Records to process:
************

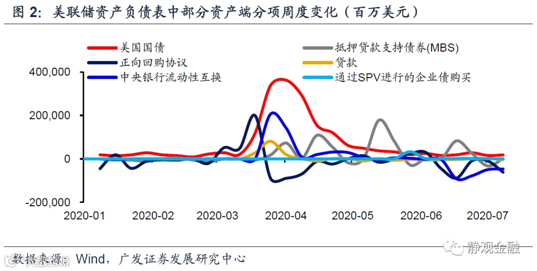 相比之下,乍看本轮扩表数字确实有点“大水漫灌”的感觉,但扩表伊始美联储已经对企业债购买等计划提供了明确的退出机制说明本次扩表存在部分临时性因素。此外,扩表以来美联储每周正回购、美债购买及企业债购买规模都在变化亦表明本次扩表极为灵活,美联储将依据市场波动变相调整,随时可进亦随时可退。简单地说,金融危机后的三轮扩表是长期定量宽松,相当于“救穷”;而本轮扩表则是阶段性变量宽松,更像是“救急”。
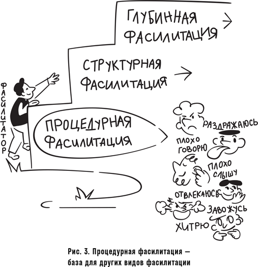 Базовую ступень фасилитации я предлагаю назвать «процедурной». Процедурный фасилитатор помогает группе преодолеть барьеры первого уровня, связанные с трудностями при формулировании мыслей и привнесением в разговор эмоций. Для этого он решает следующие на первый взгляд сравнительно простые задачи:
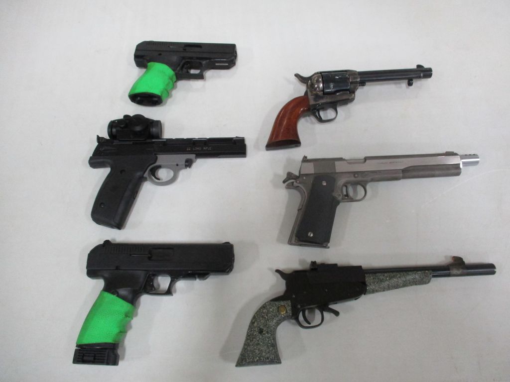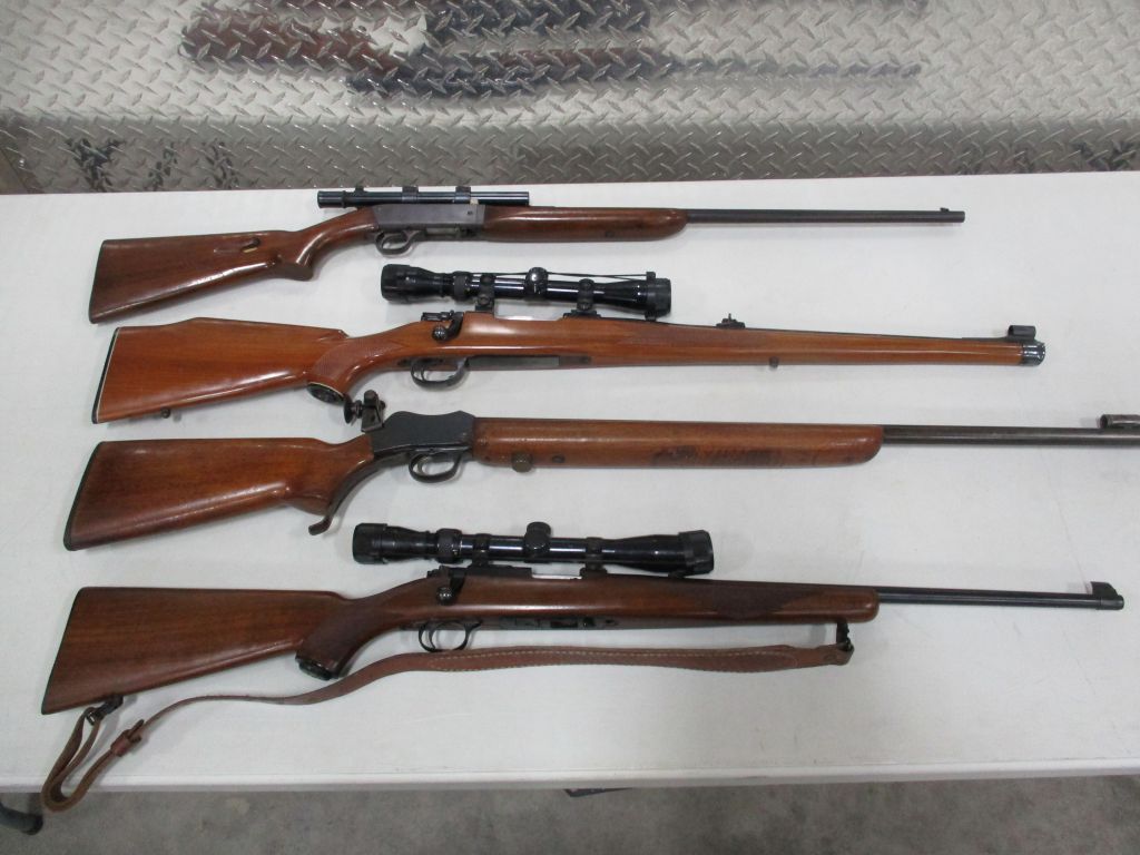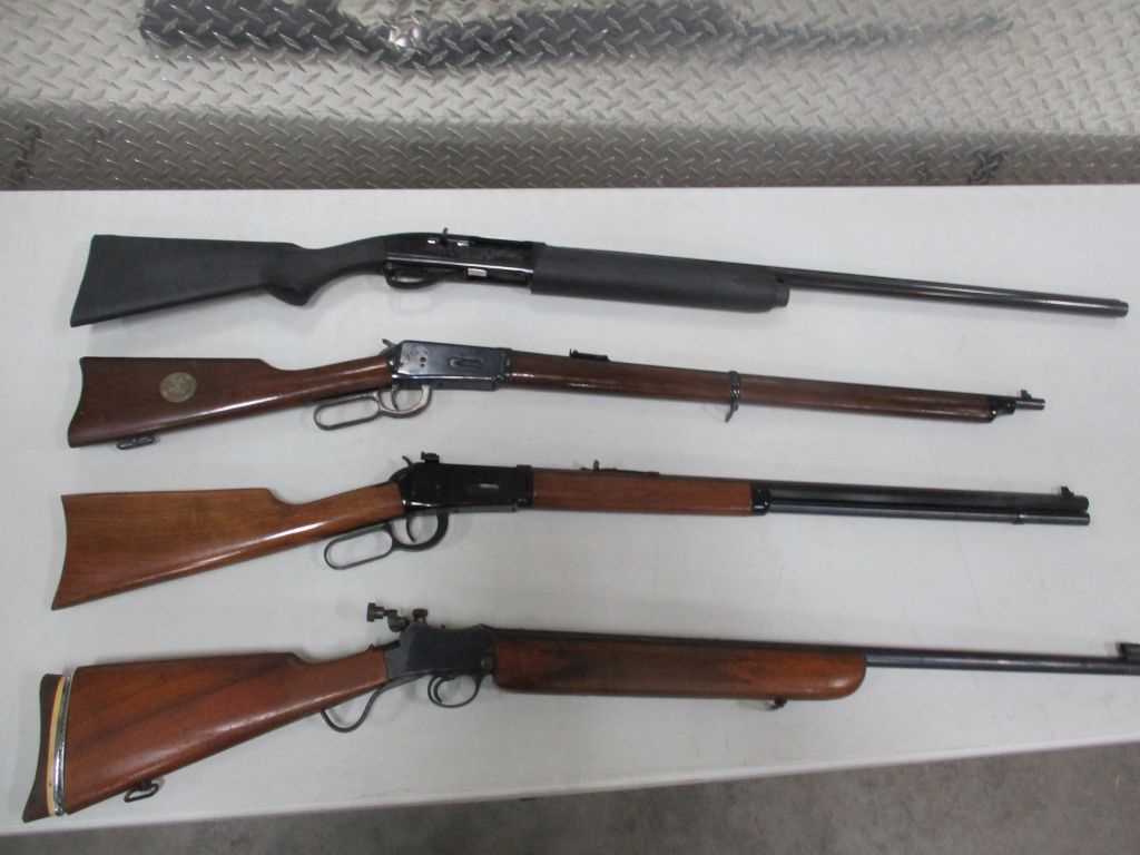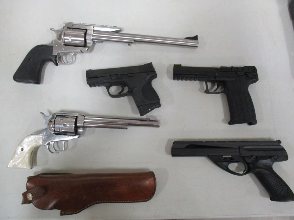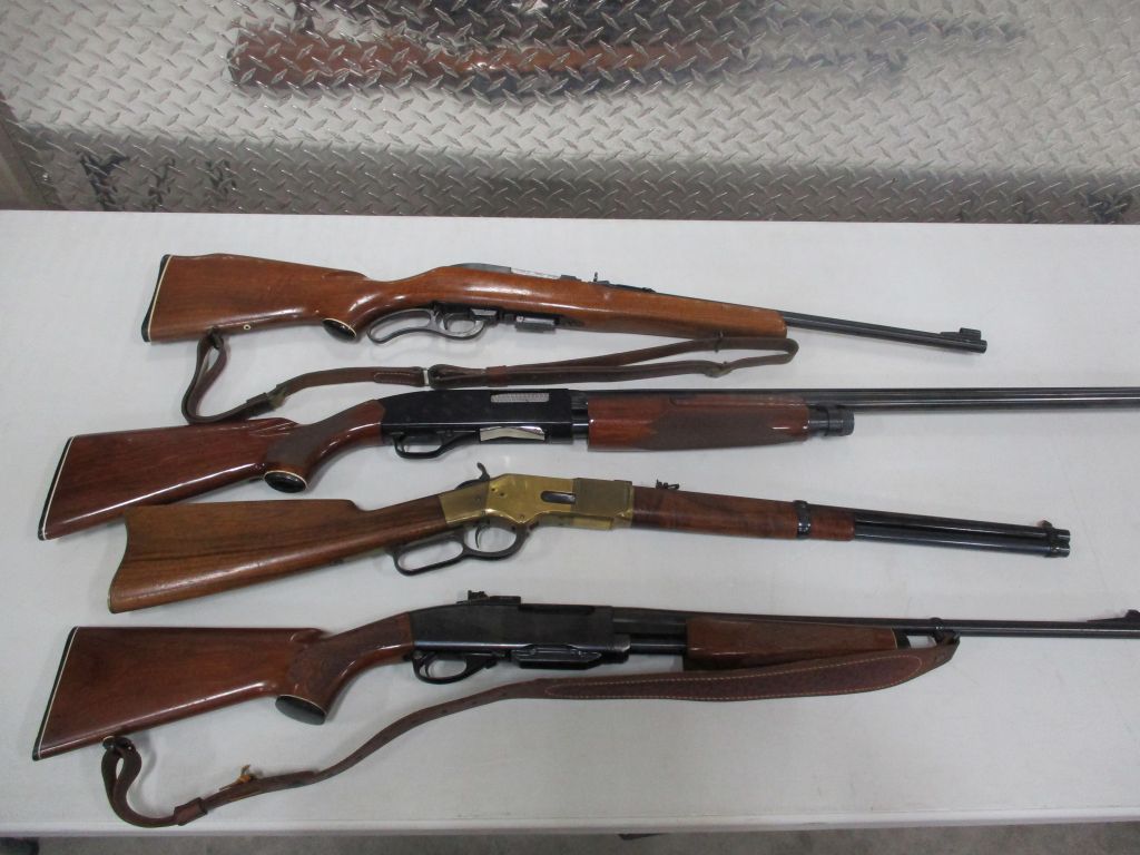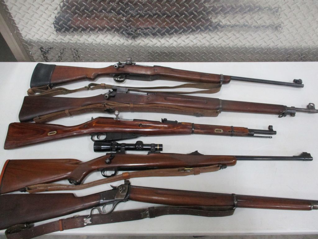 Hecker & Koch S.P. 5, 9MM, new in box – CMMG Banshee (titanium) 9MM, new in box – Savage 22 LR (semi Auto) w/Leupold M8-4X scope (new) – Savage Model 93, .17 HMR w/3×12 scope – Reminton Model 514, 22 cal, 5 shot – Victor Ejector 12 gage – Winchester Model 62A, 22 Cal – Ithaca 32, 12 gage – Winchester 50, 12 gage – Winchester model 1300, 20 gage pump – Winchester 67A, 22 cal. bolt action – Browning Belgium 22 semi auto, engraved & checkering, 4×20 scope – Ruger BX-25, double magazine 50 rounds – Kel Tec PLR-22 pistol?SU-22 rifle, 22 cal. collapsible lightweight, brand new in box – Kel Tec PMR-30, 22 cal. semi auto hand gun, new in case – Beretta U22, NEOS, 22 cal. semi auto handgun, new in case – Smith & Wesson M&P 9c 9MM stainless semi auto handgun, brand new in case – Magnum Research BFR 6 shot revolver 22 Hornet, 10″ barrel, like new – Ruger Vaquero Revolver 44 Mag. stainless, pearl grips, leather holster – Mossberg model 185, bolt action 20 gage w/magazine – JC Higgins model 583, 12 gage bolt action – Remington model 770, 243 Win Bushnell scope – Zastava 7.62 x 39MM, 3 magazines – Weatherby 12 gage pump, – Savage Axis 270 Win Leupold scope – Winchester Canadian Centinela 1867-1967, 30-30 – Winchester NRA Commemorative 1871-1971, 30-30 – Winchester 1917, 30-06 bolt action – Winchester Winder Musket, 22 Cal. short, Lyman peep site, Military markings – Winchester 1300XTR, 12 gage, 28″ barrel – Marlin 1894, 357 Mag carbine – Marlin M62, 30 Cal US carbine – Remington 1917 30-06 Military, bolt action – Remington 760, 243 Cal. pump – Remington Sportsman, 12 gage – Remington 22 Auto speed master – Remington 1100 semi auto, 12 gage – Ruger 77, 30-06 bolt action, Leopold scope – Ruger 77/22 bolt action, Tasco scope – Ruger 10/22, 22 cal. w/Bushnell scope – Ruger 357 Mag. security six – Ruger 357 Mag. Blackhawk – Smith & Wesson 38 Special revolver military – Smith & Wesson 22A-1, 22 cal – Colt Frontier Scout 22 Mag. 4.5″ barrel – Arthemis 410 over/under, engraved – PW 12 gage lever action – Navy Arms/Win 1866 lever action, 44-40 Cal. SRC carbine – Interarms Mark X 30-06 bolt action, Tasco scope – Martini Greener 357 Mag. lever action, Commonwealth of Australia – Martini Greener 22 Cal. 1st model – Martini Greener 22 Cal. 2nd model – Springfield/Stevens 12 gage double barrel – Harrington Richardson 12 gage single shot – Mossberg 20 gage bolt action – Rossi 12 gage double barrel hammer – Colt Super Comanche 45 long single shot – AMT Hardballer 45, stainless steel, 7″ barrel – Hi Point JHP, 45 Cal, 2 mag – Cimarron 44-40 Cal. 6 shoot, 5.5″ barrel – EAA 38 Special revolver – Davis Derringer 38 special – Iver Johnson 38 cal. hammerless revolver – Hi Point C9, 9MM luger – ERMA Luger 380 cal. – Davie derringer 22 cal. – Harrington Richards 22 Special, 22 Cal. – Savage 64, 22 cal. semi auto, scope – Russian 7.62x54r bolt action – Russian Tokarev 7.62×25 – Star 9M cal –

************

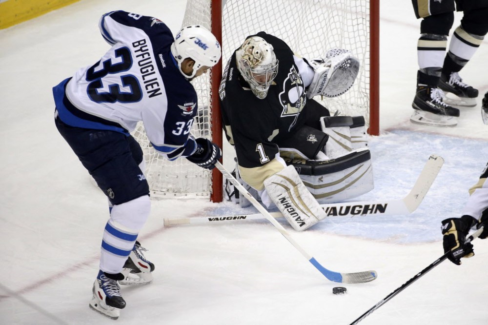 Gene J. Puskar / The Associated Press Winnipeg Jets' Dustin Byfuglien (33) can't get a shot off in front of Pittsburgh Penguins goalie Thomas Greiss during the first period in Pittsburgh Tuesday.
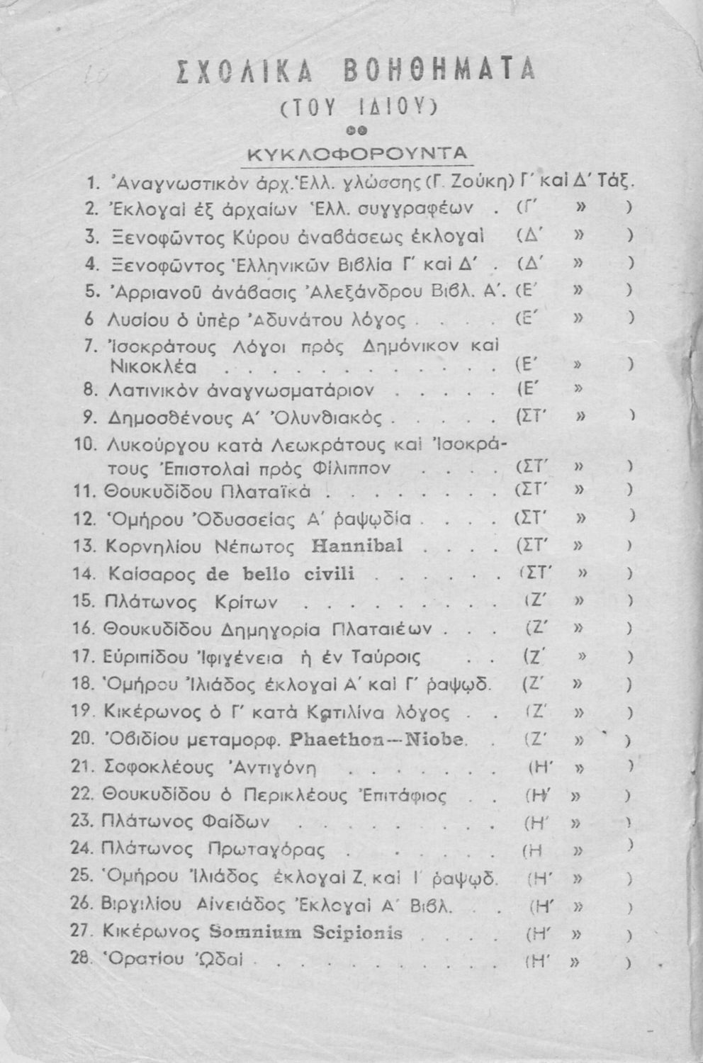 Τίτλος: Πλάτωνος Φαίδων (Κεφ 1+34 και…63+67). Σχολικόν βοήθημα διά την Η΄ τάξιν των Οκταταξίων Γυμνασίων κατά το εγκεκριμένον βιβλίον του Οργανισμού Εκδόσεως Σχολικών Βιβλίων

************

In the listing above, find the line with "相比之下,乍看本轮扩表数字确" and the line with "Базовую ступень фасилитации". Set down both and every line between them, minus the pictures.

Task answer:
 相比之下,乍看本轮扩表数字确实有点“大水漫灌”的感觉,但扩表伊始美联储已经对企业债购买等计划提供了明确的退出机制说明本次扩表存在部分临时性因素。此外,扩表以来美联储每周正回购、美债购买及企业债购买规模都在变化亦表明本次扩表极为灵活,美联储将依据市场波动变相调整,随时可进亦随时可退。简单地说,金融危机后的三轮扩表是长期定量宽松,相当于“救穷”;而本轮扩表则是阶段性变量宽松,更像是“救急”。
 Базовую ступень фасилитации я предлагаю назвать «процедурной». Процедурный фасилитатор помогает группе преодолеть барьеры первого уровня, связанные с трудностями при формулировании мыслей и привнесением в разговор эмоций. Для этого он решает следующие на первый взгляд сравнительно простые задачи:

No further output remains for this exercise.